The difference is that epics are generally written with some idea of a manifest destiny for the hero. The hero sets off, and the hero goes through lots of problems and quests and eventually the hero gets somewhere and you have the founding of the new hope, the new order, the new Rome.
The Caribbean cannot presume that kind of destiny. That’s one way it falls short of having an epic hero….The whole idea of the destiny of the hero is not something that the Caribbean is interested in….It is not because it is powerless that it is not interested. It is because what has evolved in the Caribbean is a society that does not need an epic….I’m saying that if you use those terms of reference for what is contained in an epic, all the requirements for an epic are there. But the idea of one emblematic hero for the Caribbean…is not part of the Caribbean experience. Nor is it the wish of the Caribbean experience, as it was the wish of the British or Roman Empire to have such a figure.
And the final thing that I would say is that any Caribbean writer, simply from the scale of history, the width of the experience of the past, and also the immensity of the real ocean that that writer is on, is immediately undertaking every morning—no matter how small the poem—the equivalent of a quest….If I do not entertain the idea of the poem being called an epic, it is because…to say you have written a poem that makes these people heroic is insulting to them.
ÉDOUARD GLISSANT: I can’t understand why we think of epic in terms of heroic or noble. For me the epic voice is not heroic or noble; I disagree with Derek [Walcott] on this point. Speaking of Western cultures, the greatest epics are based not on victory but on defeat, or on trickery. The Greek epic turned on trickery, not on victory. La Chanson de Roland is a defeat. They were defeated by the Arabs and they made an epic poem of it. The sagas, the Icelandic sagas, are always recounting death and destruction and defeat. That is why I said that epic is fundamentally errantry and not dogmatism. I can’t imagine epic as victory. And think about the Civil War in the States. Who created the epic from this war? The vanquished, the people from the South. Real epic like Faulkner or false epic like Gone With the Wind. The people who won the war didn’t need the epic, because they won.

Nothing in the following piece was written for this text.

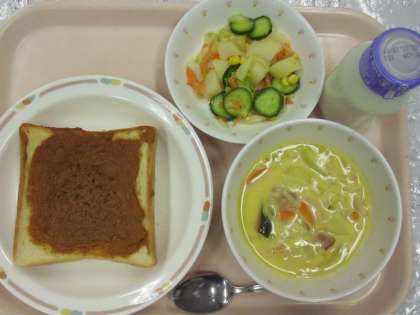 きな粉バタートースト、カボチャのクリームスープ、ポテト入りフレンチサラダ、牛乳でした。

Édouard Glissant was the author of eight novels, nine volumes of poetry, one play, and 15 collections of essays. His writing is known for its complex reflections on colonialism, slavery, racism, and cultural diversity. In 1992, Glissant was short-listed for the Nobel Prize for Literature.
Derek Walcott was an Obie Award–winning playwright and the author of numerous collections of poetry, including his epic poem Omeros. In 1992, Walcott won the Nobel Prize for Literature.